Reliable NAS on linux is HARD!

Setting up a high-end cluster, that should be easy.


When we first started developing CTDB and clustered samba we thought that,
well if we just get CTDB and samba to work then everything else should just be a breeze.
Boy were we wrong.
Getting all components of Linux to work reliably and figuring out HOW to configure linux and its subsystems so that it works reliably is one of the most difficult tasks which we spend a lot of time in the SOFS team.
(IBM Scale Out File Services).
This is important since our customers want to know that they use a configuration that works and that is qualified. It is even moreso important since a naive implementation using stock default linux configurations will likely have "issues".


NEVER assume that anything is mature or works. In particular, DONT if your data depends on it.

You must TEST TEST TEST TEST and finally TEST some more that everything works and that all components can

handle a high load on your highly performing system.

Dont even try just slapping something together if you intend to store any business critical data on it.
Make sure that ALL components and ALL configurations you use are tested and qualified for your use pattern!
(If you use SOFS you can sleep better at night because we have already done all these tests and qualifications for you.)

What have we experienced?

HBA drivers. While a HBA driver may look mature and may look solid, do you know whether the HBA driver
developer is testing and qualifying the driver for use with YOUR cluster filesystem?
In our case we found that you must be VERY careful and change the default config for the HBA and SCSI subsystem to match the use patterns of your cluster filesystem. Or else bad things happen if you use the defaults.
(You dont want to learn about these problems when you are in production. At that stage it is too late)



Linux kernel and real-time signals/async i/o. I dont really know how well tested the stock kernels are

with respect to high stress testing of these features. I DO know that it is reasonably easy

to bring the entire real-time-signal layer in the distro kernels down in such a manner you need a full blown system reboot to recover using the default config settings in stock kernels.

Not fun.


Cluster filesystems and coherent filelocking.

Most cluster filesystems out there seems to never really have been tested for high lock contention where many many processes do byte range locking of the same file at the same time.
We use GPFS, and we use a customized configuration for GPFS that is qualified for SOFS.
Dont use the defaults! Bad things will happen.


Kernel oplocks and leases.
Another area where one needs to be very careful and configure things exactly right.
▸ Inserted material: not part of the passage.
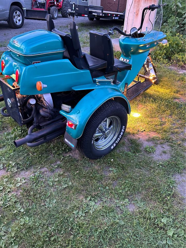 Here are some facts about this Volkswagen-rear, Yamaha-front trike: It "has a VW body kit," the engine is 1600 CCs, the transmission has three speeds plus reverse, the tires are new, and it doesn't have a throttle cable. These are the facts of the matter.

Kernel modifications and patches.
A lot of the subsystems used by a high end NAS application will excersise parts of the kernel that only has
had light load and testing applied before. There are numbers of kernel modifications that are required
and which are not yet in the distros that are needed. For example a stock linux distro and kernel has probably no hope at all to integrate with HSM in meaningful ways. It may look like it works, but sooner or later you will discover the parts that break.


Dont assume that just throwing some components and applications together will create a "solution".
It wont. Trust me, it will not work. Unless you know exactly how to configure all the components so that they are fully compatible with each others use patterns, I can guarantee that a stock linux distro using stock default configs will have nasty surprises for you waiting to happen.


Dont play games with your data.
Make sure that ALL components in your solution are qualified to work together.